> [WHAT YOU WILL DO]
Images should be left out, and everything else in the listing reproduced exactly.
GIVEN DATA section start
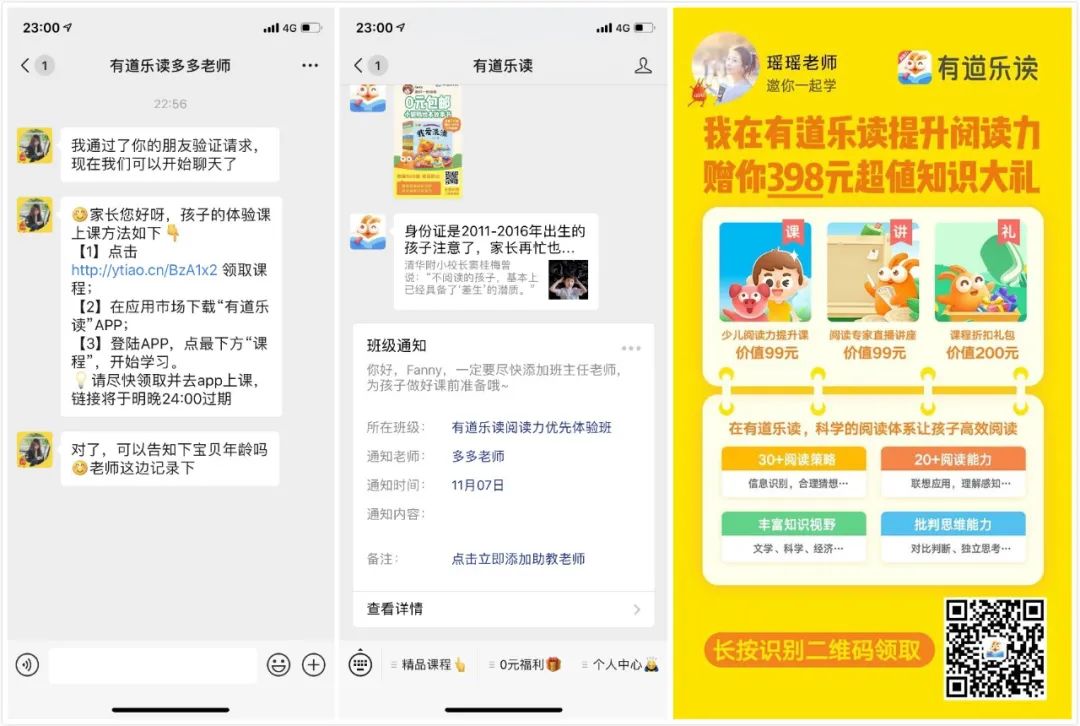 初次關(guān)注重點通過利益引導(dǎo)進(jìn)一步轉(zhuǎn)化,比如免費學(xué)習(xí)資料、0元領(lǐng)取課程。公眾號在這個產(chǎn)品生態(tài)里面有點像線下門店,客戶通過線上海報(=線下傳單)進(jìn)入公眾號(=線下門店),助教(=門店客服)跟客戶介紹產(chǎn)品并送了一節(jié)免費課(贈品/試用品),客戶注冊(登記個人信息/加客服微信)。接受了小恩小惠的用戶對產(chǎn)品有了一定的認(rèn)知甚至好感,公眾號又通過免費課獲取了客戶聯(lián)系方式,從此故事就開始了,后續(xù)客服就可以維系客戶關(guān)系,跟進(jìn)學(xué)習(xí)進(jìn)度,再給客戶推送更多高價值付費課程。
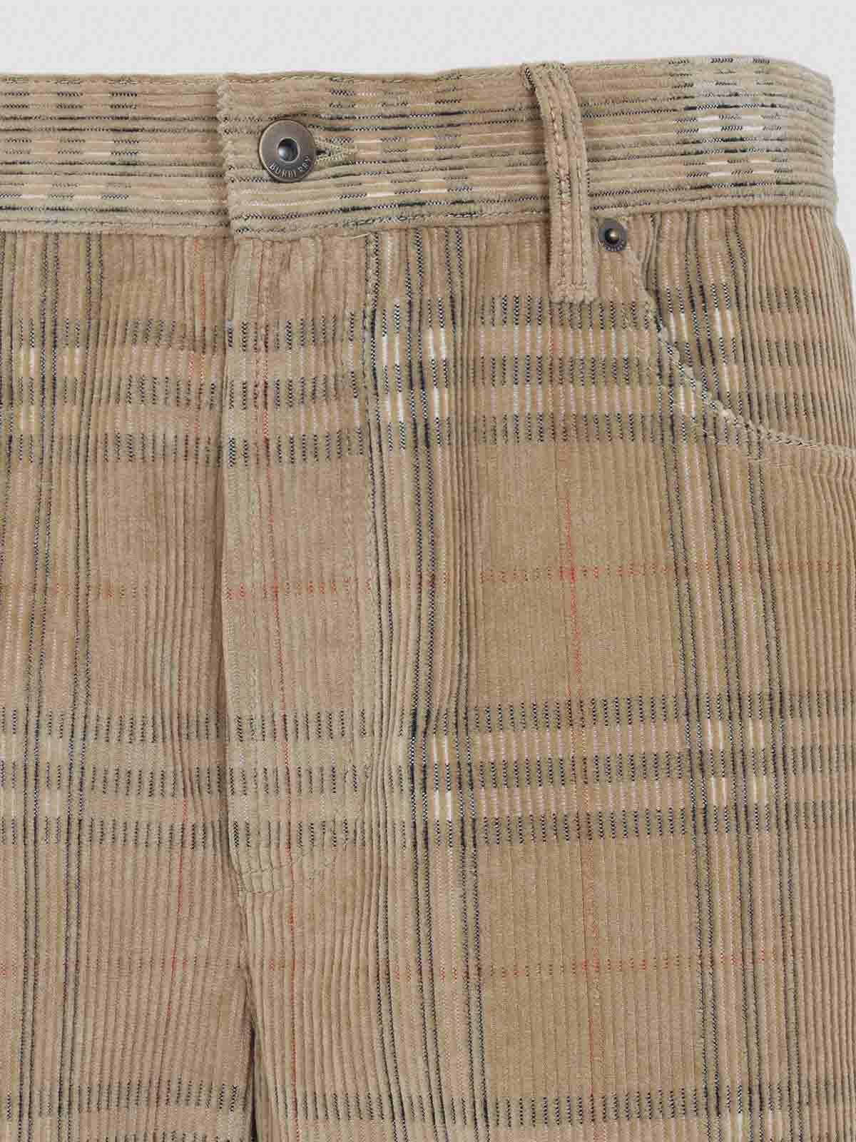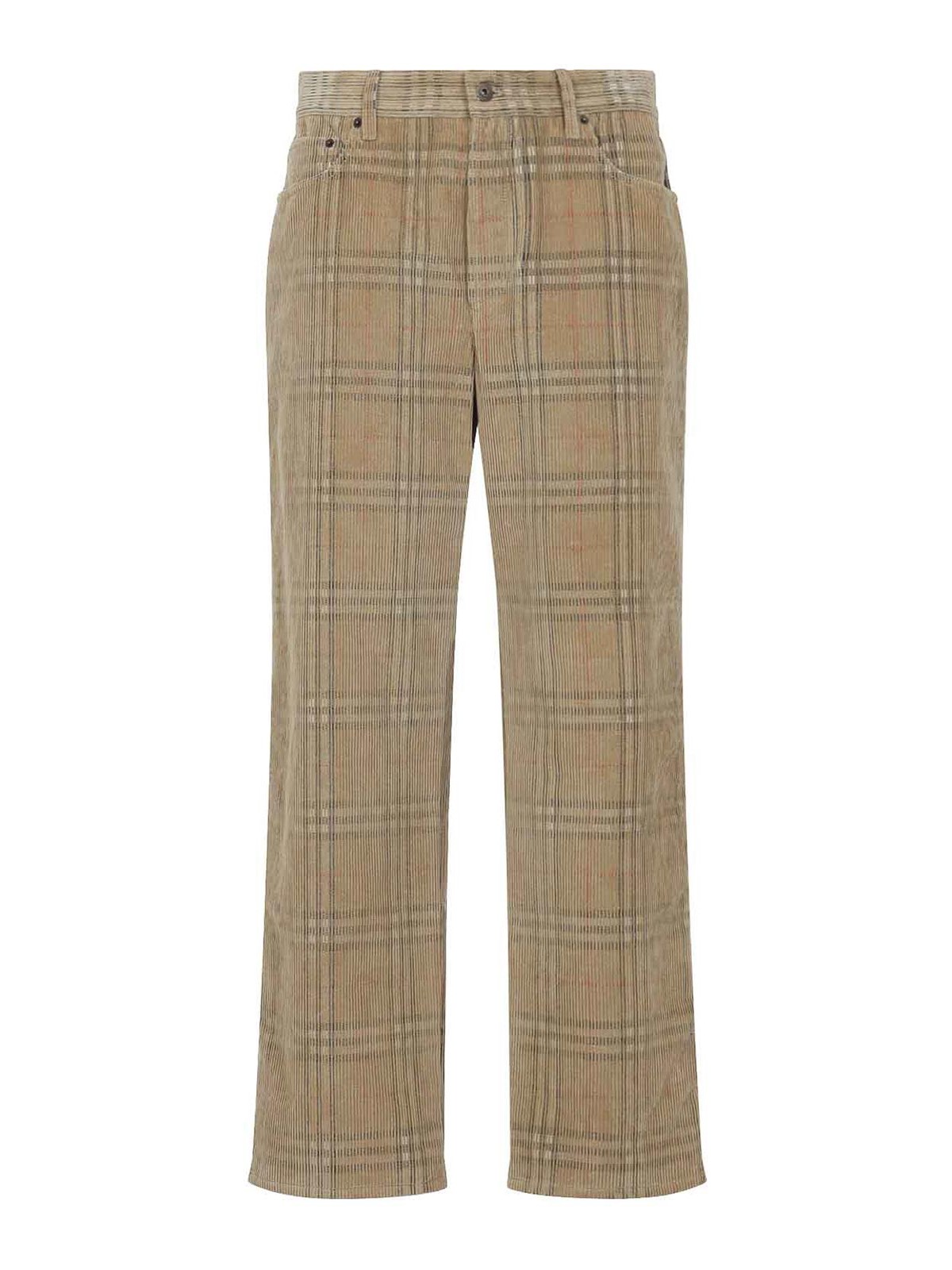 バーバリーフレッドチェックベージュコットンパンツ。ベージュのチェック柄コットンコーデュロイ製、ミッドライズウエスト、ベルトループ、5ポケット構造、フロントボタン留め、バックウエストバンドにレザーロゴパッチ、レギュラーフィット。
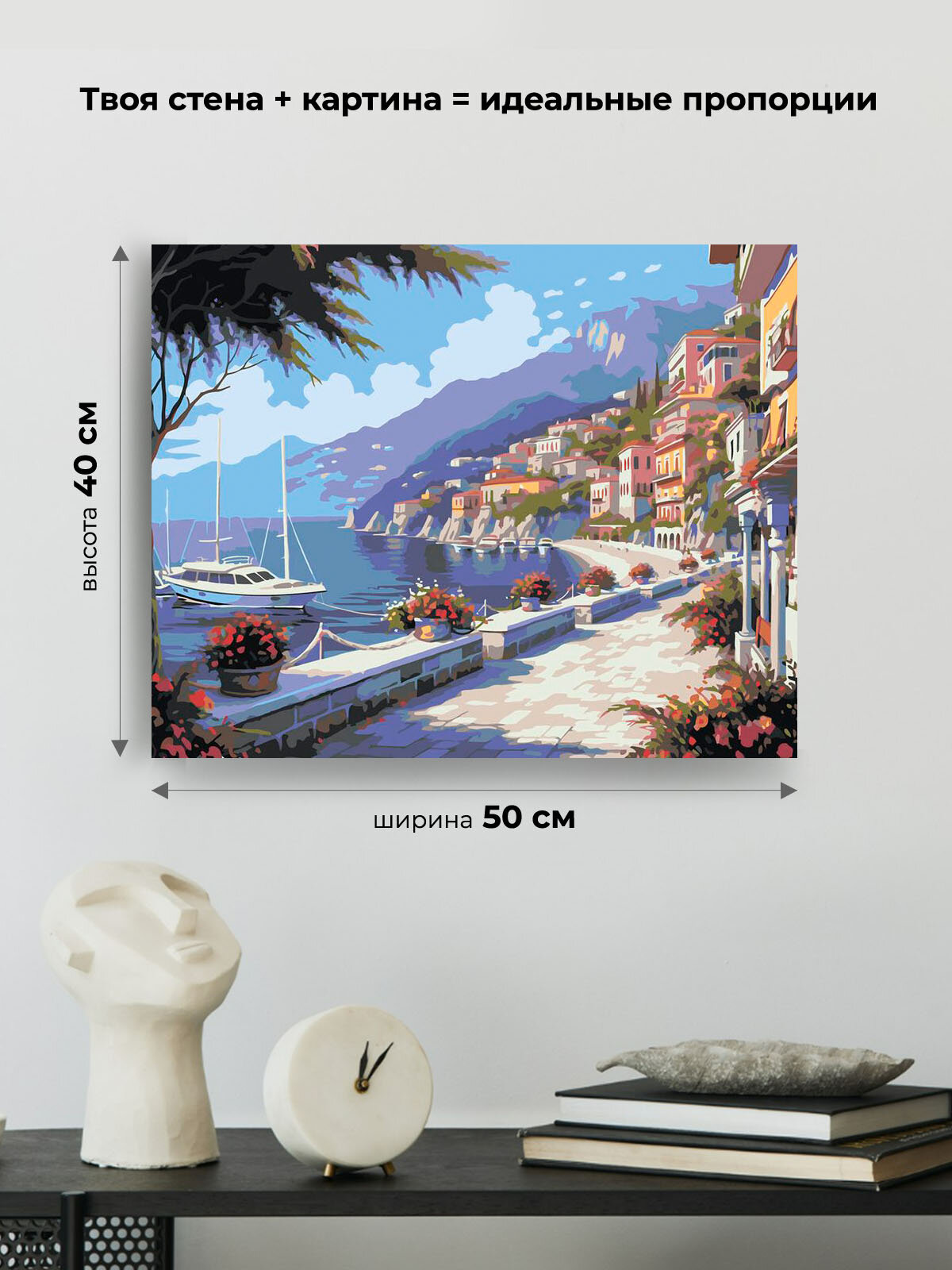 Картина по номерам на холсте с подрамником "Природа: Вид из кафе на море в сказочном городе", Раскраска 40х50 см, Заливы 1 297 ₽
GIVEN DATA section end
> [REPLY TO THE EXERCISE]
 初次關(guān)注重點通過利益引導(dǎo)進(jìn)一步轉(zhuǎn)化,比如免費學(xué)習(xí)資料、0元領(lǐng)取課程。公眾號在這個產(chǎn)品生態(tài)里面有點像線下門店,客戶通過線上海報(=線下傳單)進(jìn)入公眾號(=線下門店),助教(=門店客服)跟客戶介紹產(chǎn)品并送了一節(jié)免費課(贈品/試用品),客戶注冊(登記個人信息/加客服微信)。接受了小恩小惠的用戶對產(chǎn)品有了一定的認(rèn)知甚至好感,公眾號又通過免費課獲取了客戶聯(lián)系方式,從此故事就開始了,后續(xù)客服就可以維系客戶關(guān)系,跟進(jìn)學(xué)習(xí)進(jìn)度,再給客戶推送更多高價值付費課程。
 バーバリーフレッドチェックベージュコットンパンツ。ベージュのチェック柄コットンコーデュロイ製、ミッドライズウエスト、ベルトループ、5ポケット構造、フロントボタン留め、バックウエストバンドにレザーロゴパッチ、レギュラーフィット。
 Картина по номерам на холсте с подрамником "Природа: Вид из кафе на море в сказочном городе", Раскраска 40х50 см, Заливы 1 297 ₽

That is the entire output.